Repeat the data in full and exactly. Leave the pictures out.

+++ DATA BLOCK +++

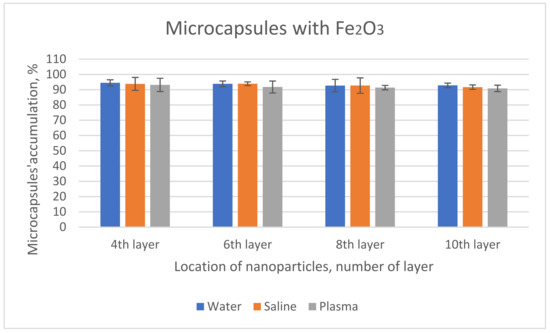The accumulation of capsules was quite high, exceeding 90% (Figure 4). There was a slight decrease in the accumulation of microcapsules containing ferric oxide as the nanoparticles were placed closer to the outer layer.
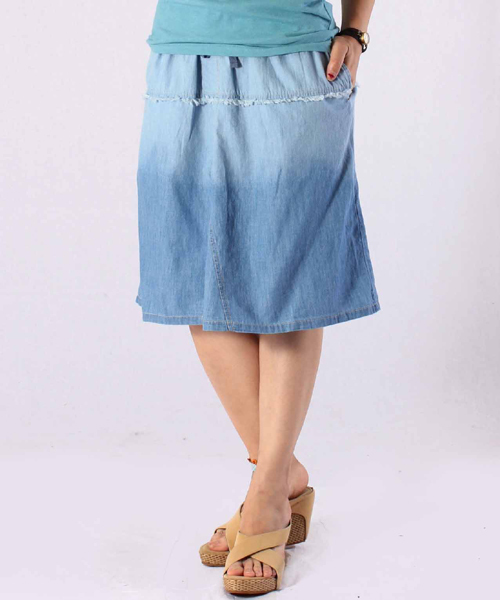 洗いをかけ、やわらかくした薄手デニムの膝丈フレアースカートです。デニムブルーのグラデーションがとてもさわやかです♪ ※こちらの商品は、職人による手作りとなります。 その為、形や色に多少の誤差が生じる場合があります。ご了承ください。 Amina Collection Co.,LTD. エスニック ボヘミアン アジアン フォークロア
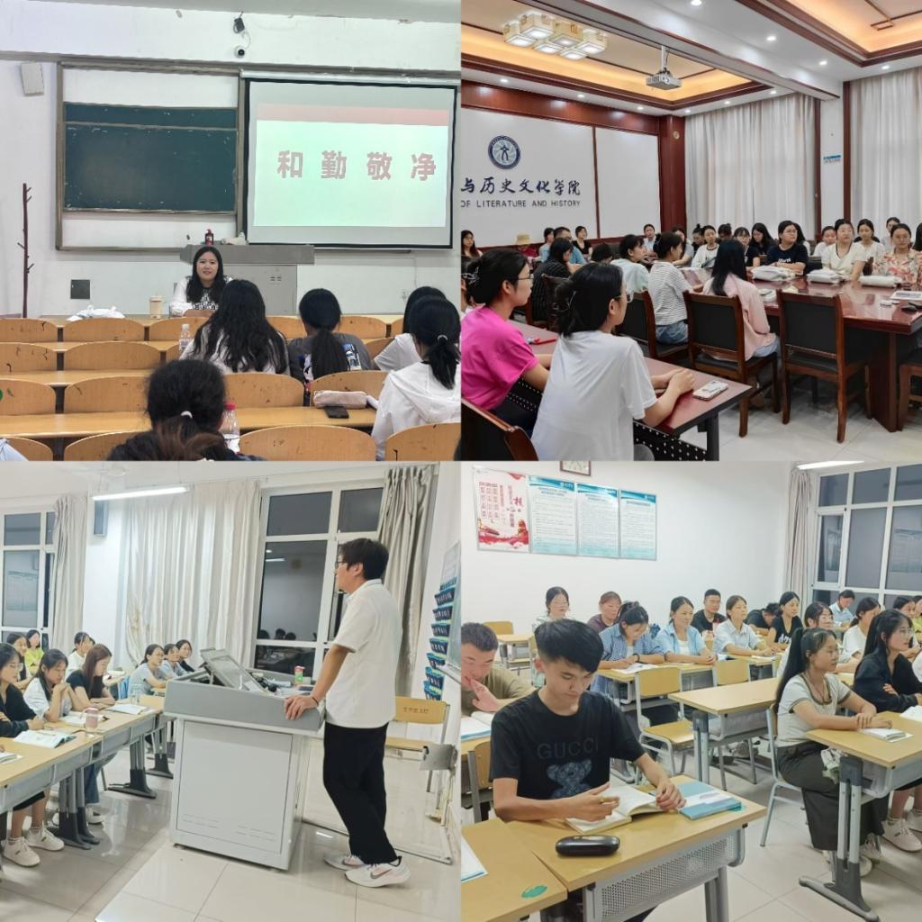 为全面落实习近平文化思想,凝聚以文化人、以文育人的教育共识, 9月1日,学院共八个新生班级以“和勤敬净”为文化主线召开了新生班会,由博士班主任、年级辅导员主讲。
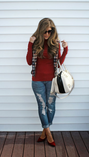 What I'm wearing...jeans: Mossimo (Target), turtle neck: Victoria's Secret, plaid vest: Old Navy, heels: Sam & Libby (Target), bag: Steve Madden, sunnies: Lauren Conrad (Kohl's)

+++

**FINAL ANSWER:**
The accumulation of capsules was quite high, exceeding 90% (Figure 4). There was a slight decrease in the accumulation of microcapsules containing ferric oxide as the nanoparticles were placed closer to the outer layer.
 洗いをかけ、やわらかくした薄手デニムの膝丈フレアースカートです。デニムブルーのグラデーションがとてもさわやかです♪ ※こちらの商品は、職人による手作りとなります。 その為、形や色に多少の誤差が生じる場合があります。ご了承ください。 Amina Collection Co.,LTD. エスニック ボヘミアン アジアン フォークロア
 为全面落实习近平文化思想,凝聚以文化人、以文育人的教育共识, 9月1日,学院共八个新生班级以“和勤敬净”为文化主线召开了新生班会,由博士班主任、年级辅导员主讲。
 What I'm wearing...jeans: Mossimo (Target), turtle neck: Victoria's Secret, plaid vest: Old Navy, heels: Sam & Libby (Target), bag: Steve Madden, sunnies: Lauren Conrad (Kohl's)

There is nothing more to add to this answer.